The deluge of litigation targeting the NCAA continued Wednesday when former West Virginia running back Shawne Alston accused the governing body of college sports and five major conferences of violating federal antitrust laws in a complaint filed in U.S. District Court in San Francisco.
The 120-page lawsuit seeks an injunction to prevent the NCAA and five conferences also named as defendants -- the ACC, Big Ten, Big 12, Pac-12 and SEC -- from abiding by the NCAA’s bylaws. The lawsuit alleges the NCAA and schools collude to cap the value of scholarships and wants college athletes awarded the difference between their scholarship and the cost of attendance.
“The NCAA thus arbitrarily restricts athletics financial aid to amounts that are less than the athlete would receive in a competitive market,” the lawsuit said.
In Alston’s four years at West Virginia, the lawsuit said, his scholarship covered “substantially less” than the actual cost of attendance each year. The exact gap wasn’t specified.

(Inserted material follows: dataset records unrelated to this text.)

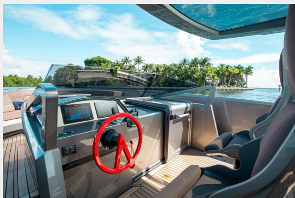
ELLAMIA Interiors Web Res-12
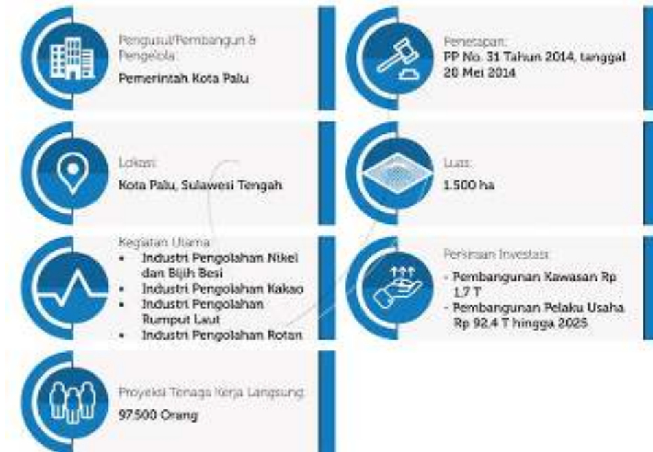
Picture 3. The Profile of Palu Special Economic Zone

The Palu Special Economic Zone focuses on increasing industrial activities. So what is trying to be driven by Palu City Government is an increase in industrial investors. It based on the natural resources of the Central Sulawesi Region which includes marine, plantation and forestry products such as cocoa, seaweed, and rattan.
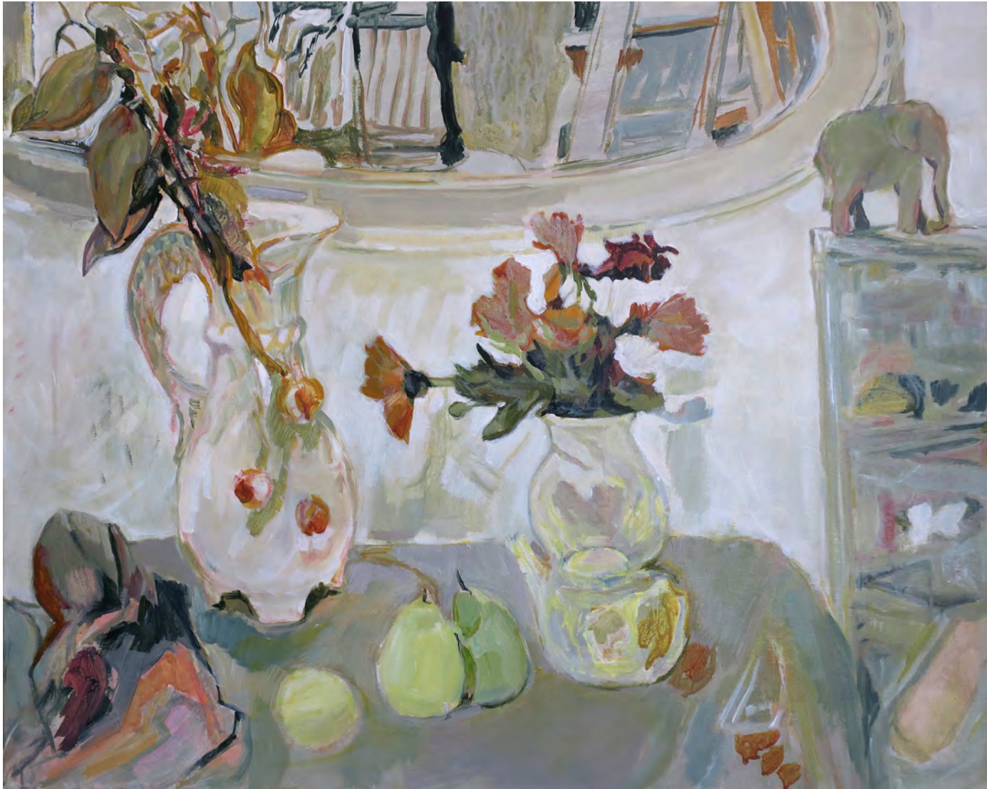
Painting for Loss of Meaning acrylic on canvas 61 x 76cm 2020

But it resulted in Alston obtaining a $5,500 loan before his senior year in 2012-13 to cover costs the scholarship didn’t.

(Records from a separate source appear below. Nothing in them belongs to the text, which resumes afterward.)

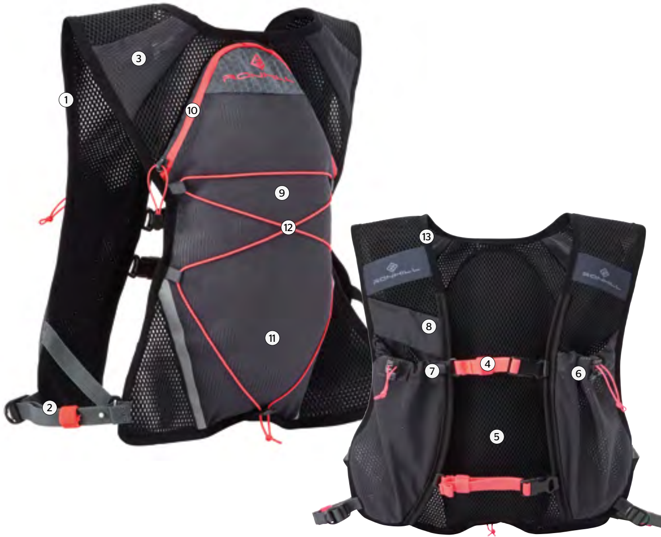
RH-00292 Charcoal/Hot Pink

Fibre content: 45% Polyamide, 55% Polyester
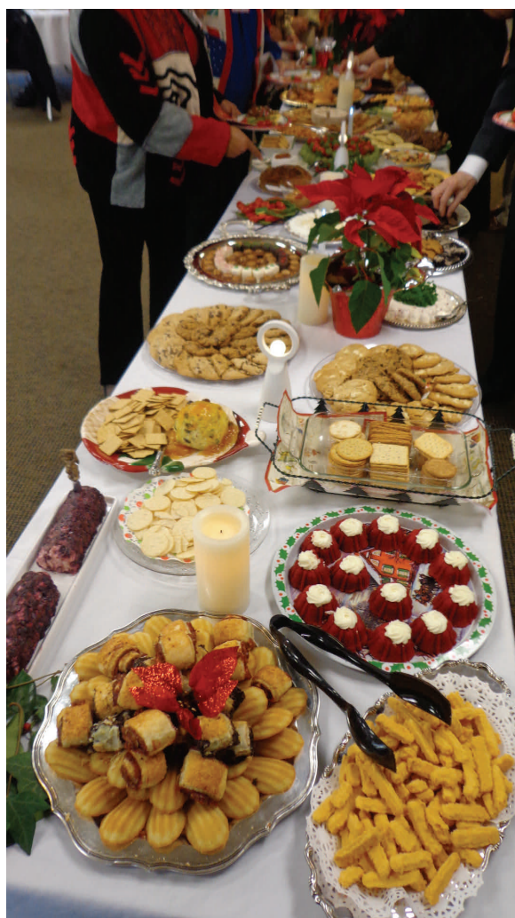
Members enjoy a delicious spread of festively presented hors d'oeuvres
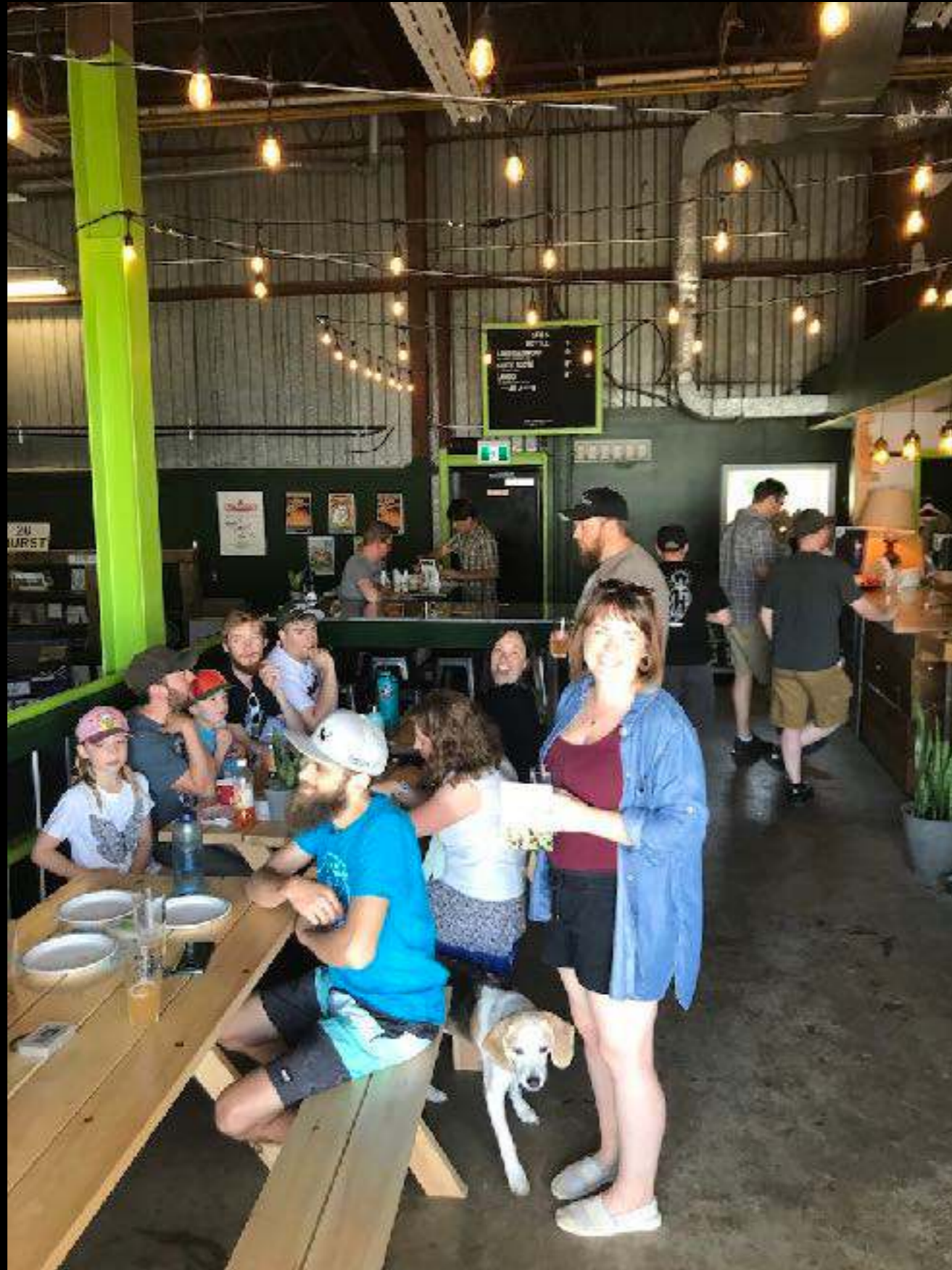
Follow up - Homebrew Tap Takeover
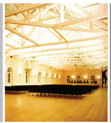
Pre & Post Congress Tours
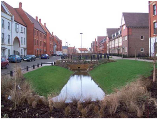
Manual for Streets identifies that SuDS systems Can be successfully incorporated into streets
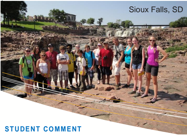
Sioux Falls, SD

NCAA President Mark Emmert’s frequent comments supporting addressing the cost of attendance gap litter the complaint as evidence of the NCAA’s inability to address it.

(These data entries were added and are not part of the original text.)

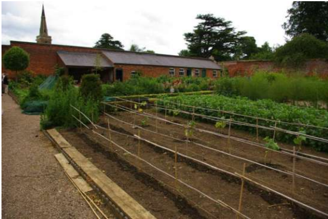
This view of the WKG at Nevill Holt shows the backsheds and the open fronted roofed storage area along the Southern wall
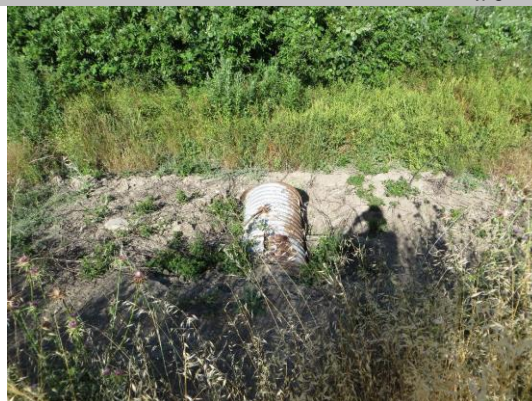
24-inch CMP stormdrain on WS toe.
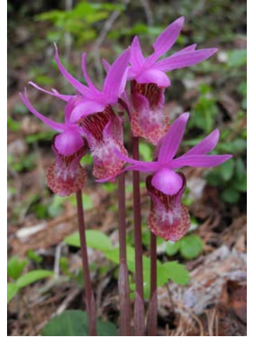
Fairy slipper (Calypso bulbosa).

fairy slipper phantom orchid summer coralroot Pacific coralroot hooded coralroot vellow coralroot spring coralroot clustered lady's slipper mountain lady's slipper lesser yellow lady's slipper stream orchid western rattlesnake plantain northern twayblade northwestern twayblade broadlipped twayblade heartleaf twayblade scentbottle elegant piperia denseflower rein orchid Alaska rein orchid northern green orchid Huron green orchid bluntleaved orchid lesser roundleaved orchid slender bog orchid Ute ladies-tresses creamy ladies-tresses hooded ladies-tresses
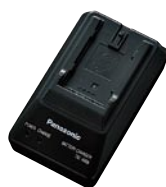
AG-B23 Battery Charger
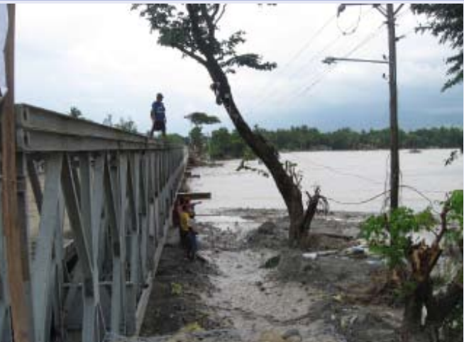
Bridge damaged by typhoons

ndoy and Pepeng, two disastrous typhoons, slammed into Central and Northern Luzon last September. A million pesos worth of properties owned by members was lost as a result of typhoon Ondoy. Even before Ondoy left the Philippines, Pepeng entered pouring rain, gusting winds up to 175 kilometers per hour. The floods in Laoag City and Tuguegarao forced members to evacuate. Pastor Simangan's house blew up. Both Bible schools incurred damage.
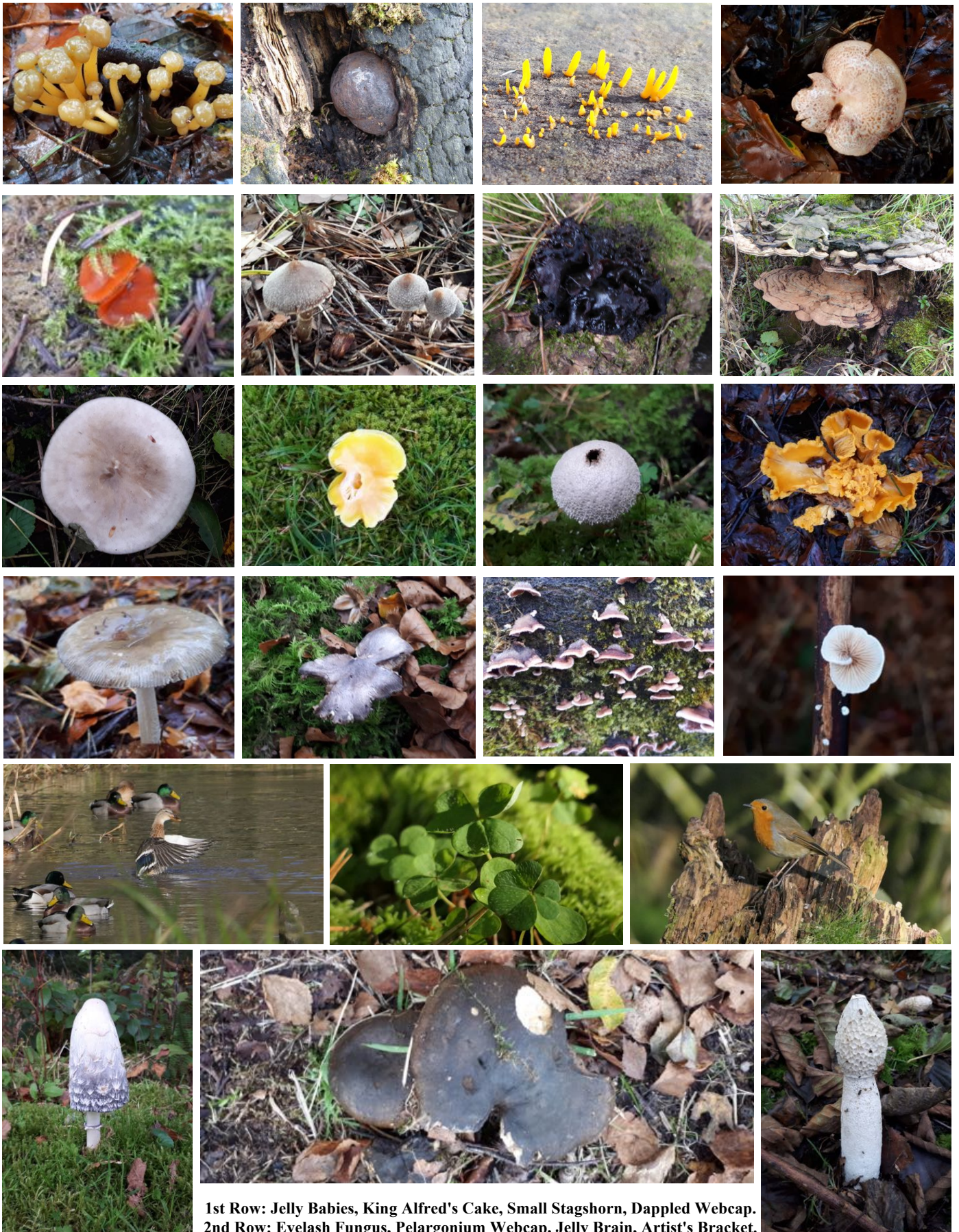
1st Row: Jelly Babies, King Alfred's Cake, Small Stagshorn, Dappled Webcap. 2nd Row: Eyelash Fungus, Pelargonium Webcap, Jelly Brain, Artist's Bracket. 3rd Row: Clouded Funnel, Golden Waxcap, Common Puffball, Chanterelle. 4th Row: Grisette, Fleck-gill Knight, Silverleaf fungus, Grass Oysterling. 5th Row: Mallard Ducks (BJ), Wood Sorrel (BJ), Robin (BJ). 6th Row: Shaggy Inkcap, Ugly Milkcap, Stinkhorn.

“Rather, the NCAA’s athletics grant-in-aid cap is simply a cost containment mechanism that enables the NCAA and its member institutions to preserve more of the benefits of their lucrative enterprise for themselves,” the lawsuit said.
Alston is represented by Hagens Berman Sobol Shapiro LLP, no stranger to sparring with the NCAA. The firm is also involved in concussion litigation against the organization that’s in mediation and Ed O’Bannon’s long-running lawsuit that’s scheduled for trial in June.
Alston, who retired from football after the New Orleans Saints cut him in June 2013, sued Electronic Arts last fall over the use of college athletes’ likenesses in video games.
The Birmingham News first reported Wednesday’s lawsuit.
The complaint goes on to assert that if not for the NCAA cap, colleges would compete against each other and likely offer athletes scholarships in excess of the actual cost of attendance.
“We just received a copy of the complaint and are evaluating it as it relates to similar cases filed by the very same plaintiffs’ counsel,” NCAA chief legal officer Donald Remy said in an emailed statement.
In a statement released by his attorneys, Alston said he believed the NCAA should stand for fairness and all involved should share in the economic success.